In this large sample of nearly 6000 school children, about two-thirds of children reported consuming SSB, which was comparable with the study conducted among American children [31
]. To our knowledge, there were a few studies examining the association between SSB consumption and executive function in children, and these studies yielded inconsistent observations [24
]. For example, in agreement with the current results, a population-based cohort study of 1234 children in the US reported that each additional SSB serving consumed per day in early childhood was associated with a 2.4-point decrease in verbal intelligence evaluated by Kaufman Brief Intelligence Test at mid-childhood [25
]. In another study conducted in Kuwait among 1370 adolescents aged 11–16 years, consumption of soft sugar drinks was inversely associated with non-verbal intelligence assessed by Raven’s Standard Progressive Matrices [24
]. In contrast, an earlier meta-analysis that pooled 16 interventions found no overall association between sugar and glucose with cognition, although the control group in the concluded studies were administrated artificial sweeteners [27
]. Similarly, in a recent study of 868 school children aged 8 to 10 years in the US, there was no significant association between SSB consumption and cognitive or academic outcomes including working memory, inhibitory control, mathematics, or English language arts score [26
]. There were several differences between the described studies that could explain the inconsistent findings. These included the heterogeneity in study population (e.g., age, genetic background, and lifestyles), methods in quantifying SSB consumption as well as the instruments of executive function measurement. The findings of our study combining the studies mentioned above support the negative association between SSB consumption and executive function among children.
The biological mechanism underlying the relationship between SSB consumption and executive function are yet to be established. Increases in inflammation and oxidative stress, as well as decreases in neurotrophins, are the most plausible pathways proposed by previous studies [21
]. Specifically, evidence from an animal study demonstrated that rats fed with sucrose-fructose drinks had increased mediators of inflammation in the dorsal hippocampus including IL-6 and IL-1β [21
]. Rats exposed to a fructose-sweetened solution also displayed an increased level of oxidative stress and advanced glycation end products as well as decreased antioxidant enzymes in the frontal cortex [22
]. Moreover, studies on rodent models have evidenced that fructose administration in rats was associated with a reduction in the hippocampal brain-derived neurotrophic factor, a protein that supports synaptic plasticity and circuit information [32
]. These intermediators subsequently affect the executive function.
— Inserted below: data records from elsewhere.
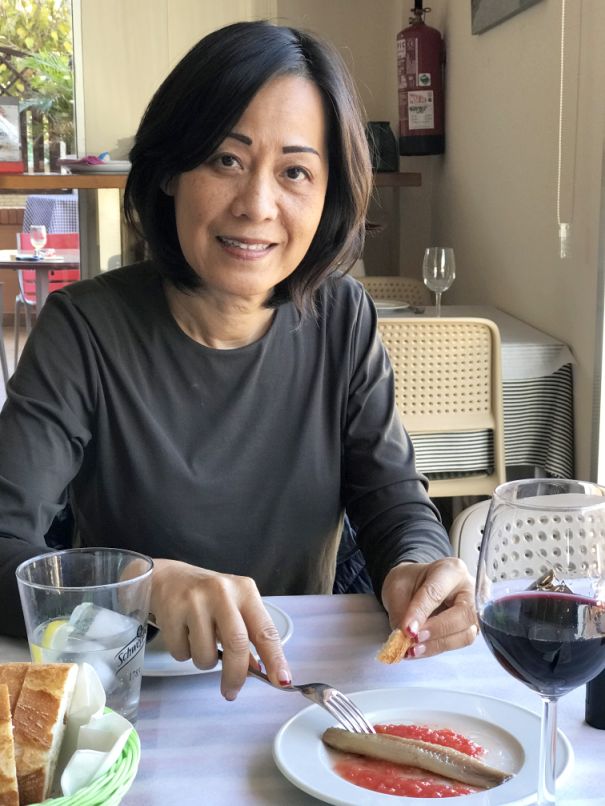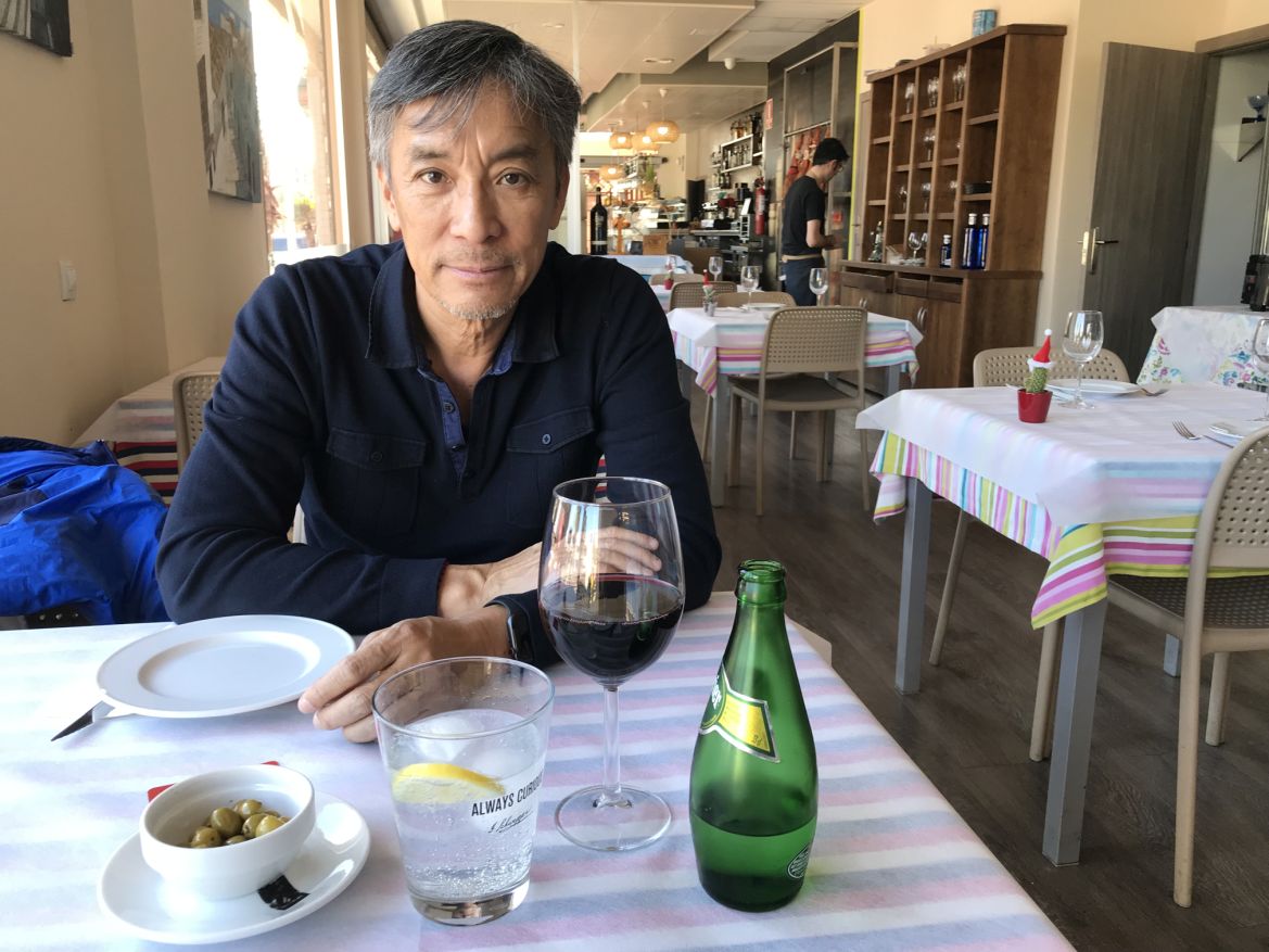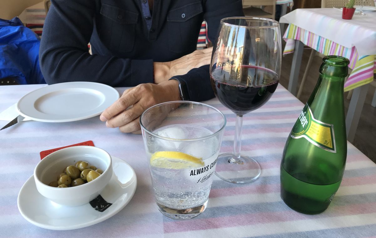 Sparkling water for me, Wine for Hoa, and a bowl of marinated olive to wet our appetite.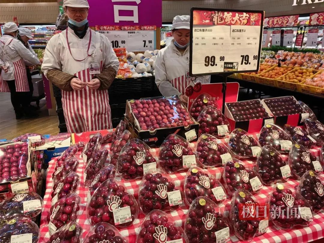 1月4日上午,当记者来到汉口兴业路的一座大型连锁超市时,水果区里的工作人员正在将分装完毕的车厘子进行码堆,同时更换了新的价签。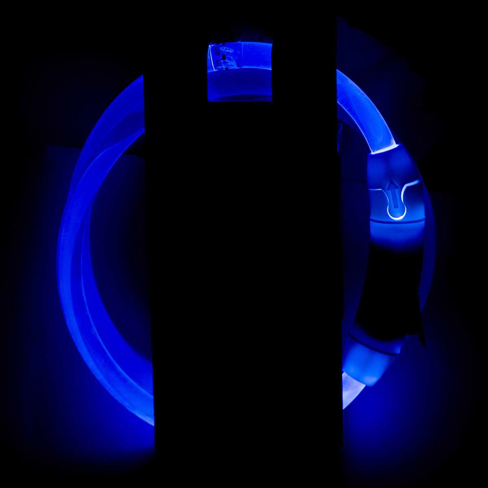 Halsbåndet er rundt og fleksibelt, og har både en pulserende farvetilstand, med skiftende lys og en konstant lysfunktion, hvor du kan vælge mellem rødt, grønt eller blåt lys - perfekt til enhver situation og hund.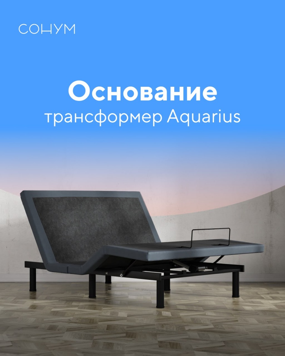 🏙 В современном мире, где качество сна и отдых становятся приоритетами, основание Aquarius — идеальный выбор. Продуманная система сочетает в себе все, что так необходимо для здоровья: 🔹 Основание Aquarius разработано с учетом анатомических особенностей человека. Углы наклона спины регулируются. Если вы любите поработать, почитать в кровати или посмотреть видео перед сном, то теперь это можно сделать без вреда для спины и шеи. 🔹 Основание оснащено вибромассажем и функцией «невесомость». Они направлены на улучшение кровообращения в теле, помогают предотвратить затекание мышц и способствуют их расслаблению. Дополнительная функция «невесомость» дополнительно помогает снизить нагрузку на позвоночник во время сна. 🔹 Основание подойдёт для установки в абсолютно любую кровать. Благодаря регулируемым опорам из 2-х частей можно задать нужную высоту: 15 или 22см.. 🔹 Каркас выполнен из металла, что обеспечивает его прочность, долговечность и устойчивость. Также он рассчитан на большие

This study had several potential limitations. First, the cross-sectional study design cannot be used to infer the causality of SSB consumption and executive function, prospective cohort study or randomized controlled study in the future would be need to establish that level of causality inference. Second, recall bias and information bias from assessment of SSB consumption, parent-rated executive function, and questionnaire-based sociodemographic factors might be evitable. Third, SSB consumption was self-reported, and we did not objectively measure the concentrations of such exposure. Fourth, we did not measure other sources of sugar, and therefore intake of foods high in sugar could not be accounted for. Fifth, though a wide range of covariates were carefully adjusted in the model, residual confounding caused by unavailable data, such as parental mental health status, could exist.